Wednesday One-Liners Are My Anti-Drug

Hot black girl: Where did summer go? Now we're all back to wearing glasses and snorting Adderall… or taking it with water.

–24th St & 3rd Ave

Guy to friend: If I just gave up speed I'd totally be getting more ass.

–Bleecker & LaGuardia

Overheard by: Jack

Guy to another: Yeah, so you take a gram of coke, then mix it with a ground-up Xanax, then mash up an E. Then you put it all into pill form, and down it with a Sparks!

–N Train

Architecture professor: Everything in moderation… except for heroin. Heroin, you go for the gusto.

–Pratt Institute

Overheard by: Denali

Wednesday One-Liners? Please Hold.

Guy on cell: I'm gonna come over and give you a big hug before doomsday.

–Outside NYU Dorm

Guy holding up drunk friend: I have to hug the fat kid?! Why don't you try hugging a fat kid?

–LIRR, Penn Station

Overheard by: Laura

Hobo to startled girl: If you give me a dollar I won't hug you.

–7 Train

Small boy, loudly, after some take-off turbulence: The plane is going down… Everybody hug!

–Runway Strip, JFK

Overheard by: PSUny

Aren't You Glad We Can Talk Like This?

Confused student #1: We've only got 1 minute to get to first period.
Confused student #2: What time is it?
Confused student #1, looking at watch: It's 8:01 and class starts at 8:02.
Confused student #2: No, it starts at 8:08. And my watch says it's 7:55.
Confused student #1: Really?
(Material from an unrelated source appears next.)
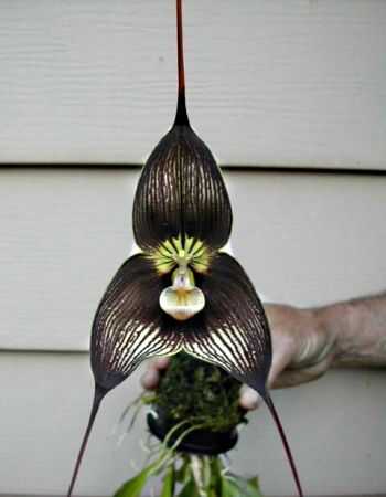 Para el diseño de la forma exacta de mi sombra, miré un montón de increíbles flores en línea para las ideas. Me encanta el colgante trompeta en forma de flores de Datura y la estética un poco espeluznante de algunas orquídeas como esta, que realmente se llama una orquídea Drácula.

I'm so tired I didn't remember.
Confused student #2: Why are you tired?
Confused student #1: I don't know. I woke up on the floor this morning.
Confused student #2: On the floor? Why were you on the floor?
Confused student #1: I don't know. I went to sleep in my bed and woke up on the floor.
Confused student #2: That sucks. I woke up in the bathtub once.
Confused student #1: What would be worse is waking up on the toilet.
Confused student #2: I couldn't imagine that.